EDIT: my end goal: to have a dictionary with group numbers as the keys and the objects in the groups as the values.
I looked to this StackOverflow question first for help since it is so similar, and ended up with this code:
def createdDict(list, file):
f = open(file, 'r')
d={}
i=0
for line in f:
groupIndex = int(line)
if groupIndex in d:
d[groupIndex].append(list[i])
else:
d[groupIndex] = list[i]
i +=1
print d
f.close()
And this error:
AttributeError: 'Element' object has no attribute 'append'
d[groupIndex] is just a dictionary and its key and groupIndex should also just be an integer.. not an object from a class I created earlier in the script. (Why is this error showing up?)
I then revised my code after coming upon this other question to be like the following, since I thought this was an alternative way to accomplish my task. My code then looked like this:
def createdDict(list, file):
f = open(file, 'r')
d={}
i=0
for line in f:
groupIndex = int(line)
if groupIndex in d:
d.setdefault('groupIndex', []).append(list[i])
else:
d[groupIndex] = list[i]
i +=1
print d
f.close()
This code snippet doesn't end in an error or what I want, but rather (what I believe) are the last objects in the groups... so print d gives me the key and the last object placed in the group (instead of the desired: ALL of the objects in that group) and then terminal randomly spits out groupIndex followed by all of the objects in list.
My question: what exactly am I missing here? People upvoted the answers to the questions I linked, so they are most likely correct and I am likely implementing them incorrectly. I don't need a correction to both procedures, but the most efficient answer to my problem of getting multiple values attached to one key. What would be the most pythonic way to accomplish this task?
EDIT 2: if this helps at all, here is the class that the first method is referencing the error too. I have no idea how it defined any part of this code as a part of this class. I haven't really developed it yet, but I'm all for an answer, so if this helps in locating the error:
class Element(object):
def __init__(self, globalIndex):
self.globalIndex = globalIndex
def GetGlobalIndex (self):
return self.globalIndex
globalIndex is a separate index of objects (Elements). with my current problem, I am taking a list of these Elements (this is the list mentioned earlier) and grouping them into smaller groups based upon my file (also mentioned earlier). Why I thought it shouldn't matter, the list is essentially a counting up of integers... How would it mess with my code?

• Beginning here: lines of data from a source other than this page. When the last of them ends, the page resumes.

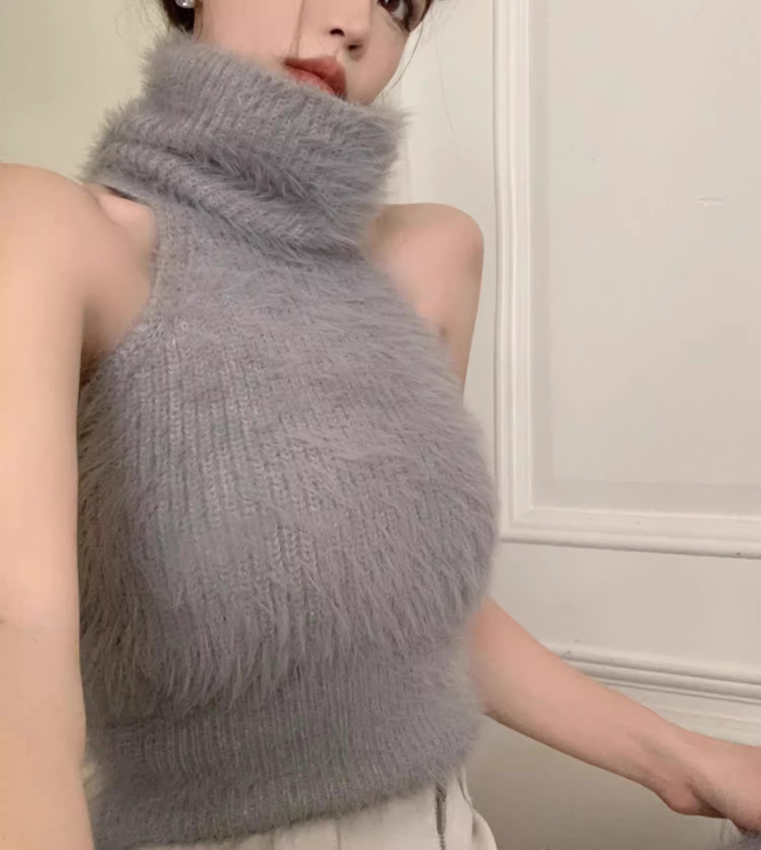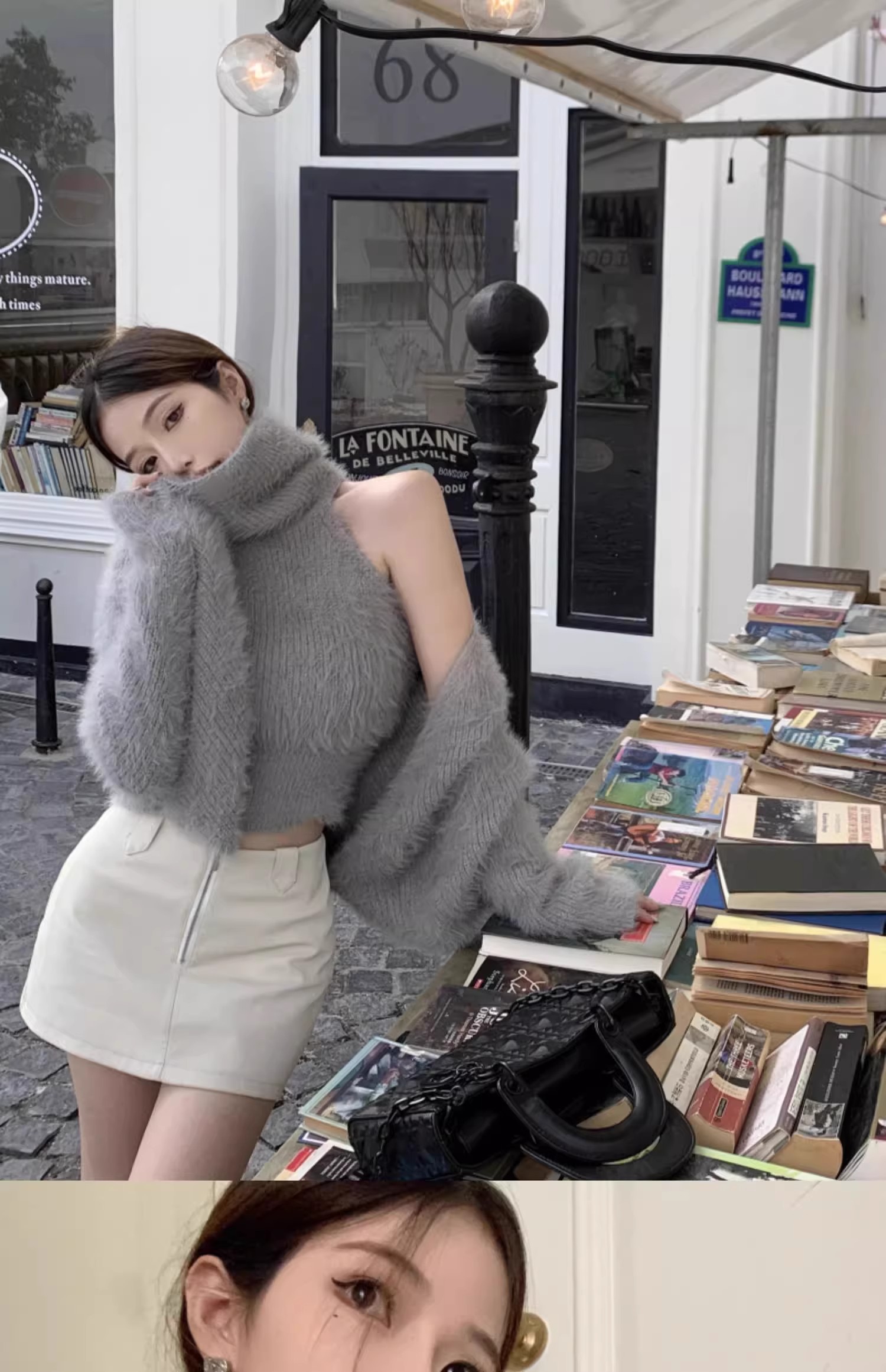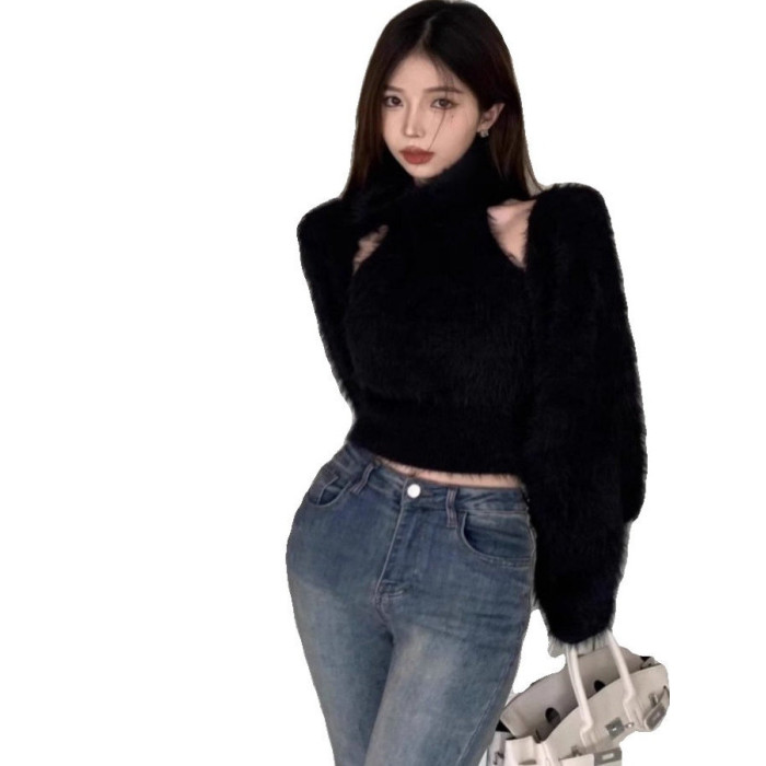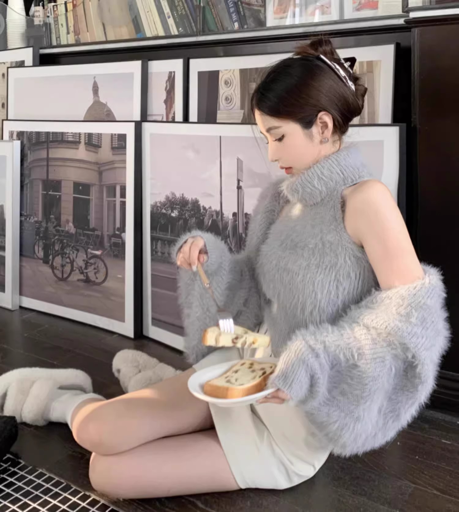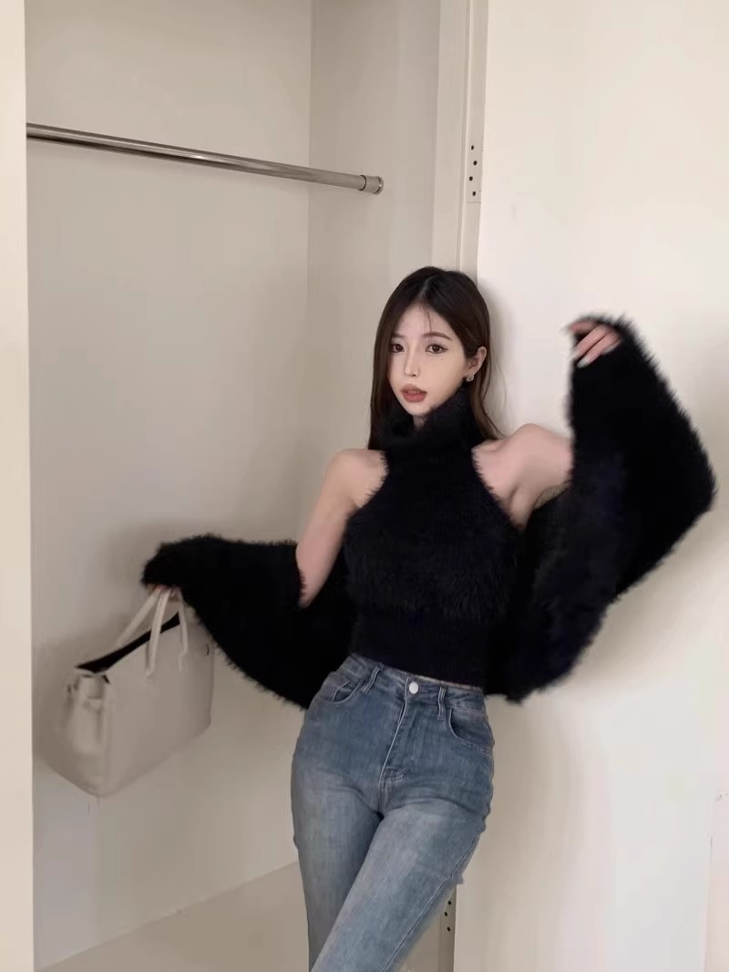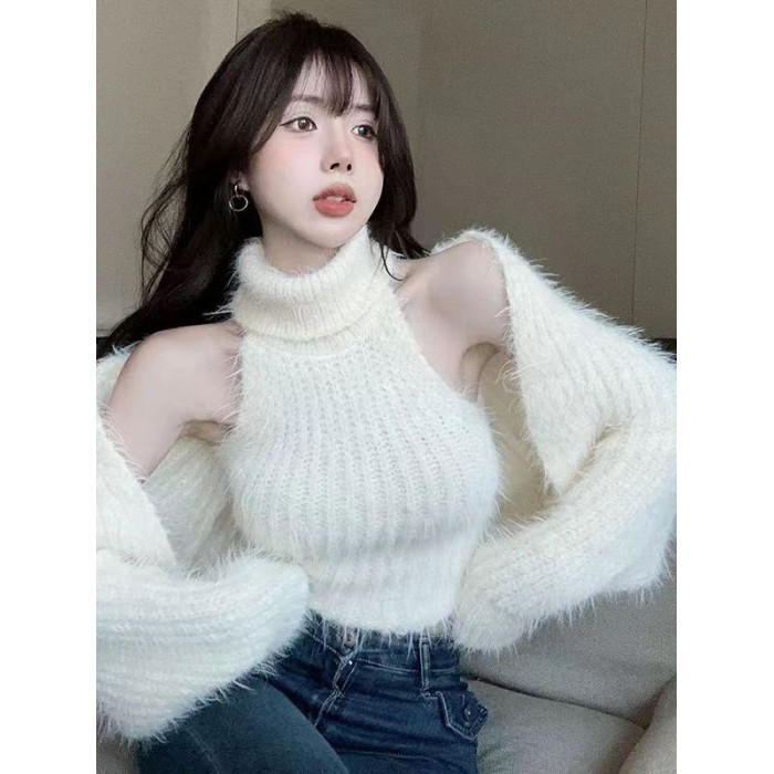 高級感毛衣套裝女秋冬純欲辣妹性感掛脖高領針織打底衫兩件套上衣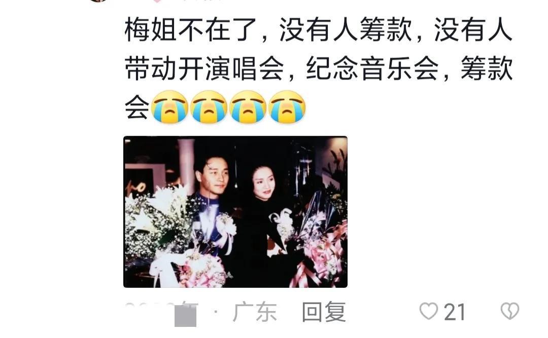 梅姨不在了,也没有人筹款,没有人带动开演唱会,纪念音乐会,筹款会。虽然我是80后 但我依然记得92年华东水灾,梅姨带领最火的那一大批港台明星表演汇捐。好像那一天就集了一亿多港币。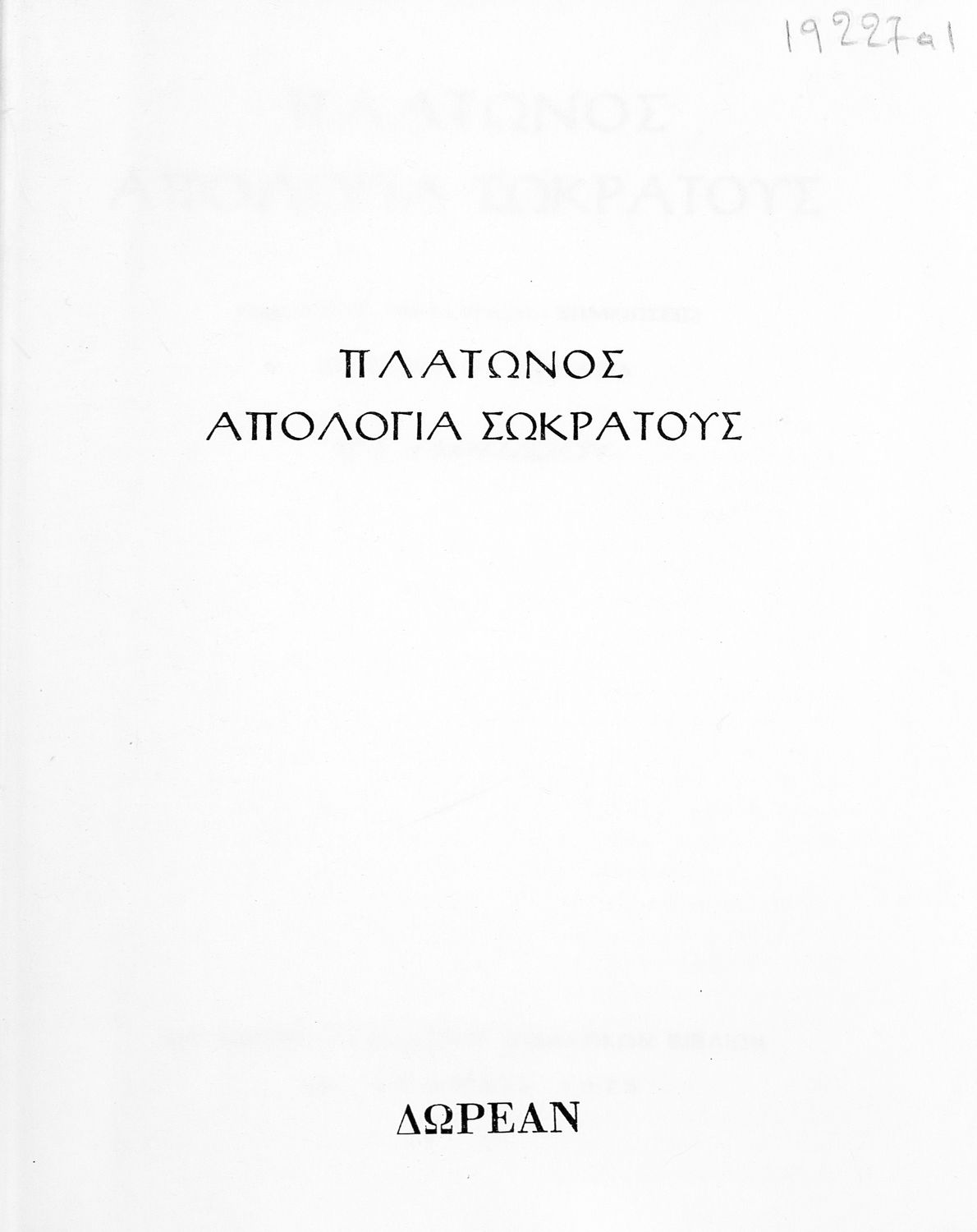 Κωδικός αναγνώρισης: 01-19227a.1 Τίτλος: Πλάτωνος, Απολογία Σωκράτους, Ε΄ Γυμνασίου Συγγραφέας: Πλάτων, Παύλος Ξιφαράς (μετάφραση) Μέγεθος και υπόστρωμα: Σχολικό εγχειρίδιο, 20εκ., μαλακό εξώφυλλο, 50 σελίδες. |

The base of your problem is in this line:
d[groupIndex] = list[i]
In other words, when a key is not in the dictionary, you add a single value (Element object) under that key. The next time you see that key, you try to append to that single value. But you can't append to single values. You need a container type, such as a list, to append. Python doesn't magically turn your Element object into a list!
The solution is simple. If you want your dictionary's values to be lists, then do that. When you add the first item, append a one-element list:
d[groupIndex] = [list[i]]
Alternatively, you can take a one-item slice of the original list. This will be a list already.
d[groupIndex] = list[i:i+1]
Now the dictionary's values are always lists, and you can append the second and subsequent values to them without error.
As ecatmur points out, you can further simplify this (eliminating the if statement) using d.setdefault(groupIndex, []).append(list[i]). If the key doesn't exist, then the value is taken to be an empty list, and you simply always append the new item. You could also use collections.defaultdict(list).

Just use
d.setdefault(groupIndex, []).append(list[i])
This will check whether groupIndex is in d, so you don't need the if groupIndex in d: line.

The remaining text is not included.